Managed to do part1 in one line using ByteString operations:

import Control.Monad
import qualified Data.ByteString.Char8 as BS

part1 :: IO Int
part1 =
  sum
    . ( BS.transpose . BS.split '\n'
          >=> fmap succ
          . BS.elemIndices 'O' . BS.reverse . BS.intercalate "#"
          . fmap (BS.reverse . BS.sort) . BS.split '#'
      )
    <$> BS.readFile "inp"

Part 2

{-# LANGUAGE NumericUnderscores #-}

import qualified Data.ByteString.Char8 as BS
import qualified Data.Map as M
import Relude

type Problem = [ByteString]

-- We apply rotation so that north is to the right, this makes
-- all computations easier since we can just sort the rows.
parse :: ByteString -> Problem
parse = rotate . BS.split '\n'

count :: Problem -> [[Int]]
count = fmap (fmap succ . BS.elemIndices 'O')

rotate, move, rotMov, doCycle :: Problem -> Problem
rotate = fmap BS.reverse . BS.transpose
move = fmap (BS.intercalate "#" . fmap BS.sort . BS.split '#')
rotMov = rotate . move
doCycle = rotMov . rotMov . rotMov . rotMov

doNcycles :: Int -> Problem -> Problem
doNcycles n = foldl' (.) id (replicate n doCycle)

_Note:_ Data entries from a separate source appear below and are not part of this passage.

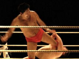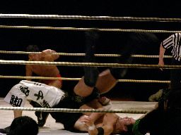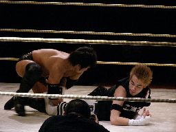 イハシムーンサルトプレス(右写真)、isamiカット。10分経過。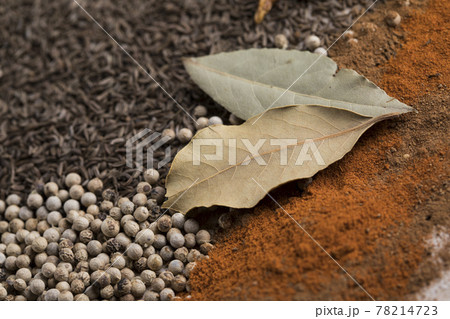 Colorful mix of herb and spice varieties: curry and coriander, turmeric and cumin, paprika and pepper, mustard and salt, cardamon and oregano and saffron. Selective focus, shallow DOF
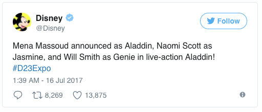 http://variety.com/2017/film/news/aladdin-will-smith-naomi-scott-jasmine-cast-mena-massoud-d23-1202496767/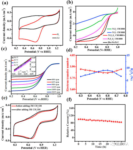 图3.(a)N,S1,S2-CM1000-b阴极在O2和N2饱和溶液中的CV图,(b)Pt/C和不同N和S-共掺杂多孔碳材料的LSV图,(c) N,S1,S2-CM1000-b阴极在不同转速(400-2025 rpm)下的LSV图和相应的KL图(插图),(d)RRDE法测定的N,S1,S2-CM1000-b电子转移数与电压的关系,(e)CV法呈现的N,S1,S2-CM1000-b的抗甲醇性能表征图,(f)N,S1,S2-CM1000-b电催化还原氧还原的稳定性。

findCycle :: Problem -> (Int, Int)
findCycle = go 0 M.empty
  where
    go :: Int -> M.Map Problem Int -> Problem -> (Int, Int)
    go n m p =
      let p' = doCycle p
       in case M.lookup p' m of
            Just n' -> (n', n + 1)
            Nothing -> go (n + 1) (M.insert p' n m) p'

part1, part2 :: ByteString -> Int
part1 = sum . join . count . move . parse
part2 input =
  let n = 1_000_000_000
      p = parse input
      (s, r) = findCycle p
      numRots = s + ((n - s) `mod` (r - s - 1))
   in sum . join . count $ doNcycles numRots p
this post was submitted on 14 Dec 2023
24 points (96.2% liked)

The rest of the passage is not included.